Re: Floating Point + Threads?
On 4/15/2011 8:40 PM, Andrei Alexandrescu wrote: On 4/15/11 10:22 PM, dsimcha wrote: I'm trying to debug an extremely strange bug whose symptoms appear in a std.parallelism example, though I'm not at all sure the root cause is in std.parallelism. The bug report is at https://github.com/dsimcha/std.parallelism/issues/1#issuecomment-1011717 . Does the scheduling affect the summation order? That's a good thought. FP addition results can differ dramatically depending on associativity.
Re: Floating Point + Threads?
On 16-apr-11, at 09:41, Walter Bright wrote: On 4/15/2011 8:40 PM, Andrei Alexandrescu wrote: On 4/15/11 10:22 PM, dsimcha wrote: I'm trying to debug an extremely strange bug whose symptoms appear in a std.parallelism example, though I'm not at all sure the root cause is in std.parallelism. The bug report is at https://github.com/dsimcha/std.parallelism/issues/ 1#issuecomment-1011717 . Does the scheduling affect the summation order? That's a good thought. FP addition results can differ dramatically depending on associativity. yes, one can avoid this by using a tree algorithm with a fixed blocksize, then the results will be the same bothe in single and parallel case. Normally one uses atomic sumation though. In blip I spent quite a bit of thought on tree like algorithms and their parallelization exactly because the parallelize well and are independent form the paralleization Fawzi
Re: Floating Point + Threads?
On 16-apr-11, at 05:22, dsimcha wrote: I'm trying to debug an extremely strange bug whose symptoms appear in a std.parallelism example, though I'm not at all sure the root cause is in std.parallelism. The bug report is at https://github.com/dsimcha/std.parallelism/issues/1 #issuecomment-1011717 . Basically, the example in question sums up all the elements of a lazy range (actually, std.algorithm.map) in parallel. It uses taskPool.reduce, which divides the summation into work units to be executed in parallel.

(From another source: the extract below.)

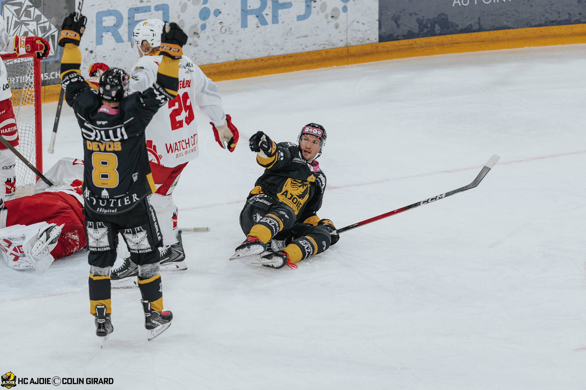 - 4 Hazen Jonathan, 8 Devos Philip-Michaël, But, C.G Photographie, Club National League, Colin Girard, HC Ajoie, HCA, HCA Vs EHCB, NL, National League, RAIFFEISEN ARENA, Saison 2025-26, Saison25-26, célébration, hockey

When executed in parallel, the results of the summation are non-deterministic after about the 12th decimal place, even though all of the following properties are true: 1. The work is divided into work units in a deterministic fashion. 2. Within each work unit, the summation happens in a deterministic order. 3. The final summation of the results of all the work units is done in a deterministic order. 4. The smallest term in the summation is about 5e-10. This means the difference across runs is about two orders of magnitude smaller than the smallest term. It can't be a concurrency bug where some terms sometimes get skipped. 5. The results for the individual tasks, not just the final summation, differ in the low-order bits. Each task is executed in a single thread. 6. The rounding mode is apparently the same in all of the threads. 7. The bug appears even on machines with only one core, as long as the number of task pool threads is manually set to 0. Since it's a single core machine, it can't be a low level memory model issue. What could possibly cause such small, non-deterministic differences in floating point results, given everything above? I'm just looking for suggestions here, as I don't even know where to start hunting for a bug like this. It might be due to context switch of threads, that might push out a double out of the higher precision 80-bit fpu register, and loose the extra precision. SSE, or float should not have these problems. gcc has an option to always store the result in memory, and avoid the extra precision. maybe having such an optionin dmd to debug such issues would be a nice thing. Fawzi
Re: Floating Point + Threads?
== Quote from Walter Bright (newshou...@digitalmars.com)'s article On 4/15/2011 8:40 PM, Andrei Alexandrescu wrote: On 4/15/11 10:22 PM, dsimcha wrote: I'm trying to debug an extremely strange bug whose symptoms appear in a std.parallelism example, though I'm not at all sure the root cause is in std.parallelism. The bug report is at https://github.com/dsimcha/std.parallelism/issues/1#issuecomment-1011717 . Does the scheduling affect the summation order? That's a good thought. FP addition results can differ dramatically depending on associativity. And not to forget optimisations too. ;)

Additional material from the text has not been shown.